Segment Start: Provided material
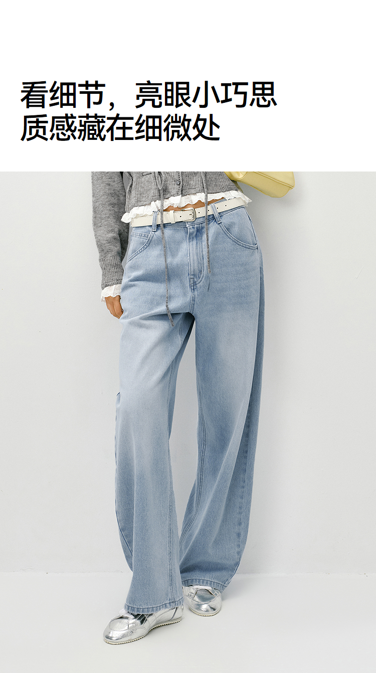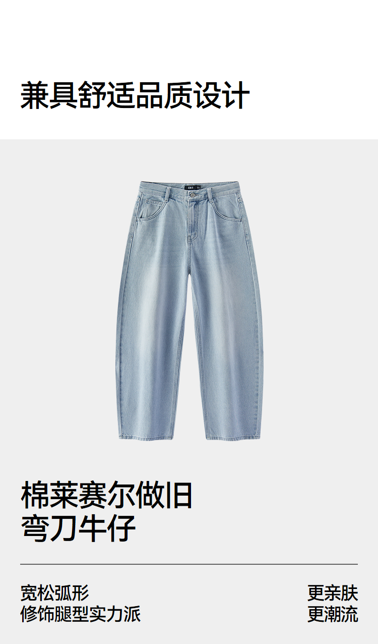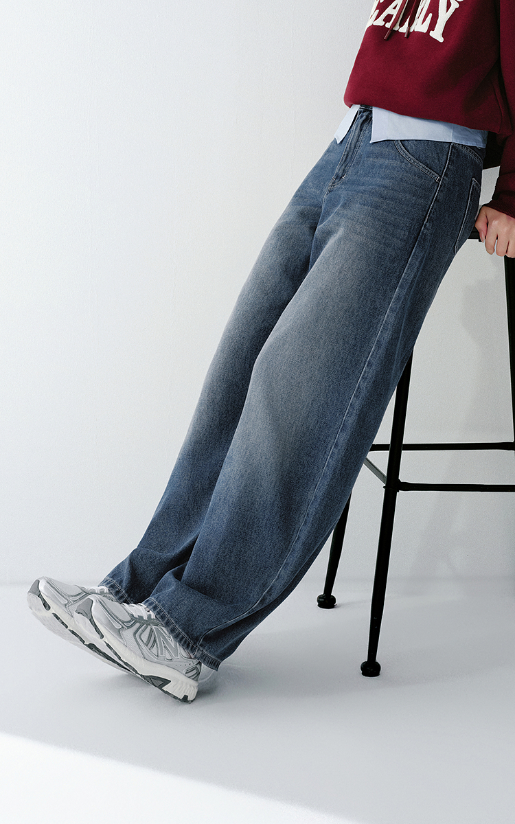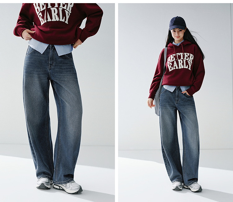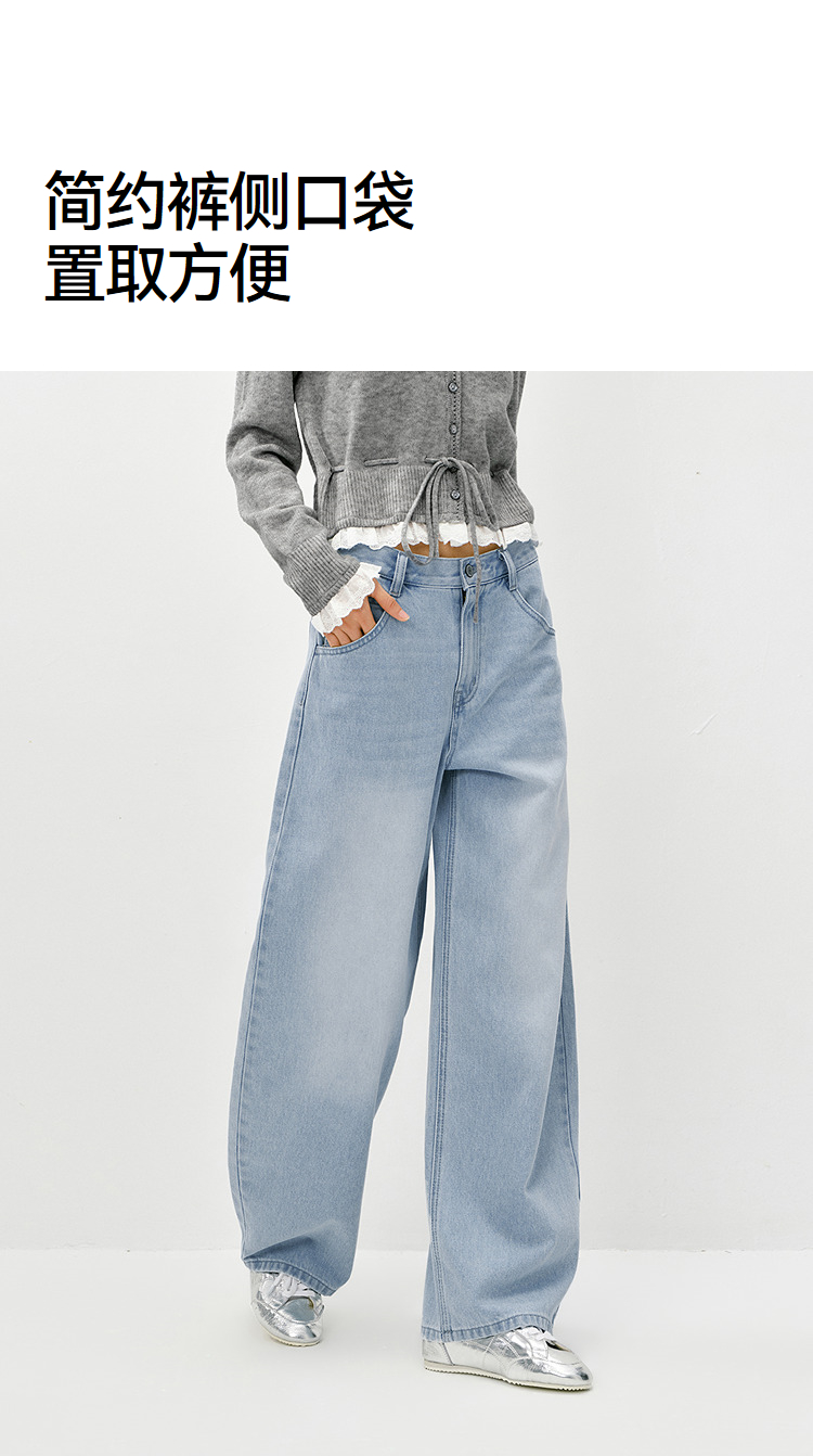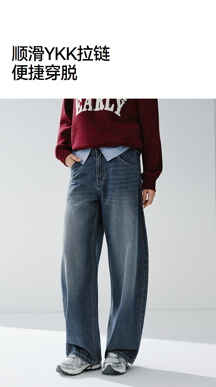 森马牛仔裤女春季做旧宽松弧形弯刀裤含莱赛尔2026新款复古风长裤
Segment End: Provided material
Segment Start: Provided material
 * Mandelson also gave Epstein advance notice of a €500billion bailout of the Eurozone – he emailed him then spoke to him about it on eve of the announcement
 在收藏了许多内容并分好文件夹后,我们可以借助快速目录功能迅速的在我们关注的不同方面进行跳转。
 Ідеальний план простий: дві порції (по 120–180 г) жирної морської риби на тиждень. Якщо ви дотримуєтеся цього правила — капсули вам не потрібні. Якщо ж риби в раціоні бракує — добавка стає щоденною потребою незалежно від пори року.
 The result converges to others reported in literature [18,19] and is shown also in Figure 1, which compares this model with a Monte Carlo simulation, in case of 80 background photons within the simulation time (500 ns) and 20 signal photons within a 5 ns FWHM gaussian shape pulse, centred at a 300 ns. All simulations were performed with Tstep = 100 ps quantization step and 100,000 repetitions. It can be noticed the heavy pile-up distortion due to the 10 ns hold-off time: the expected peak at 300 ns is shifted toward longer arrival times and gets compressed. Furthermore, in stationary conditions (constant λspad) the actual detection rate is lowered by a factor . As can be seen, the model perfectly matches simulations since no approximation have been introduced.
Segment End: Provided material
Segment Start: Provided material
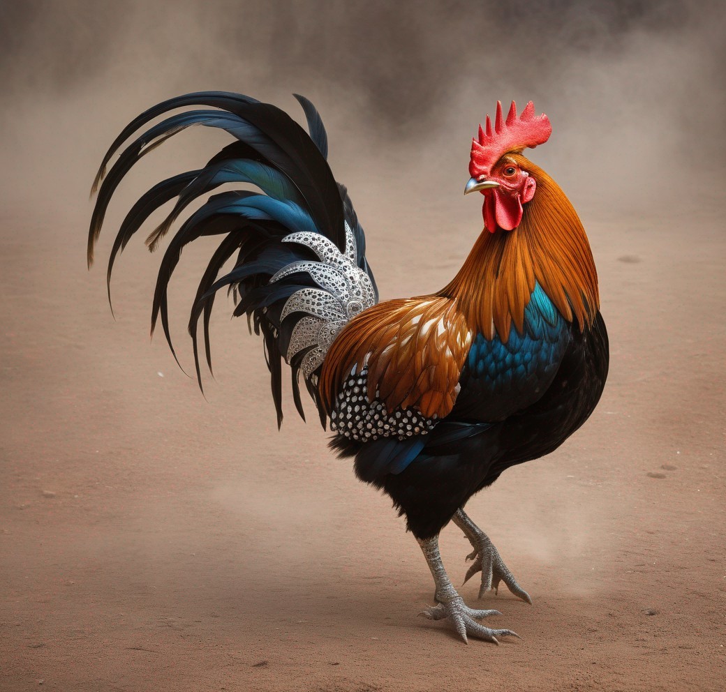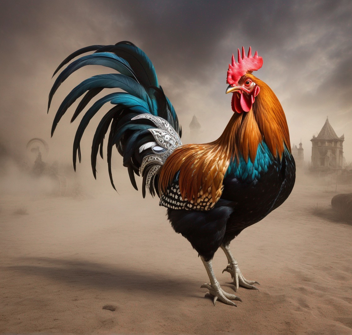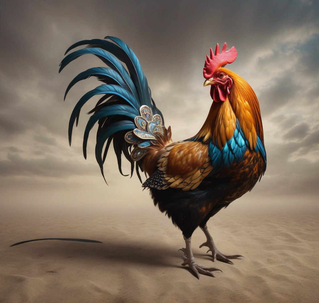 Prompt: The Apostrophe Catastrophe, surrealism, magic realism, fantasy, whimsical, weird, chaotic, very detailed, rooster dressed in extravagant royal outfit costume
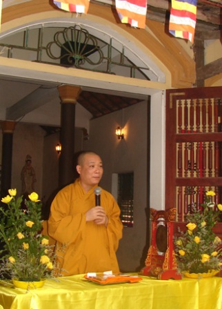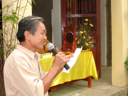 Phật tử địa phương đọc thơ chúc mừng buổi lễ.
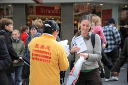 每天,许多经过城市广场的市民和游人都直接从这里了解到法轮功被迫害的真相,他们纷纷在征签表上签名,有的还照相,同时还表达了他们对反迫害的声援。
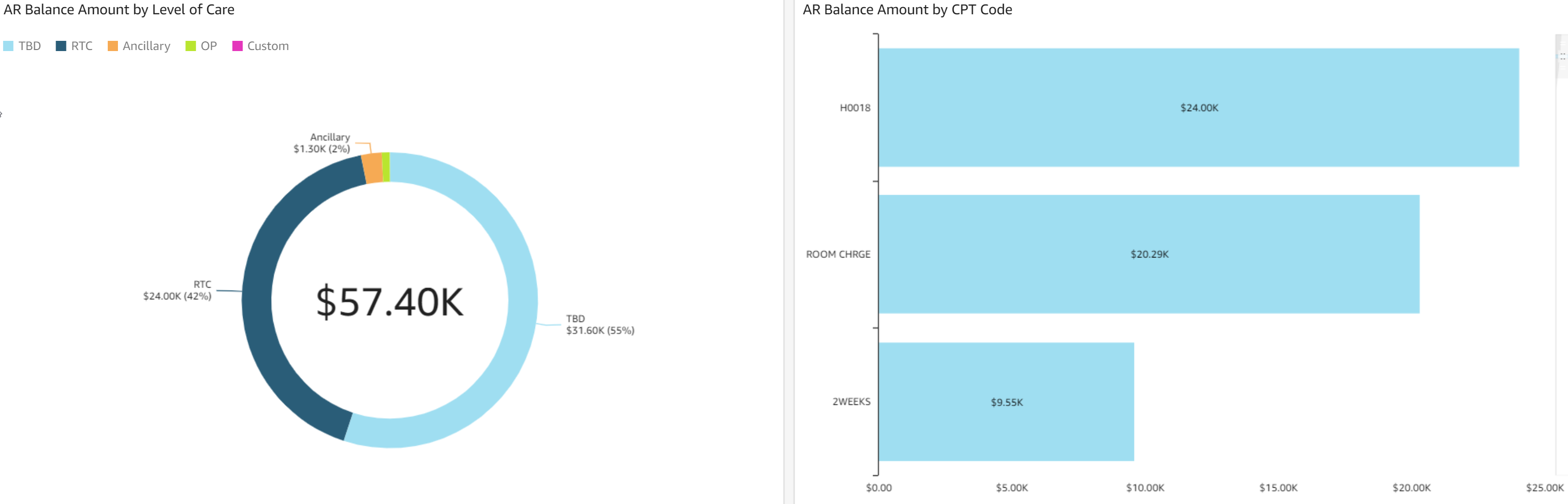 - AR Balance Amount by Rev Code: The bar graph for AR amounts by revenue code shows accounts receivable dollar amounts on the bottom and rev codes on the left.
Segment End: Provided material
### Exercise directions
Please state how many lines of the data hold the string "also", with nothing else in your reply.

### Answer to the exercise
2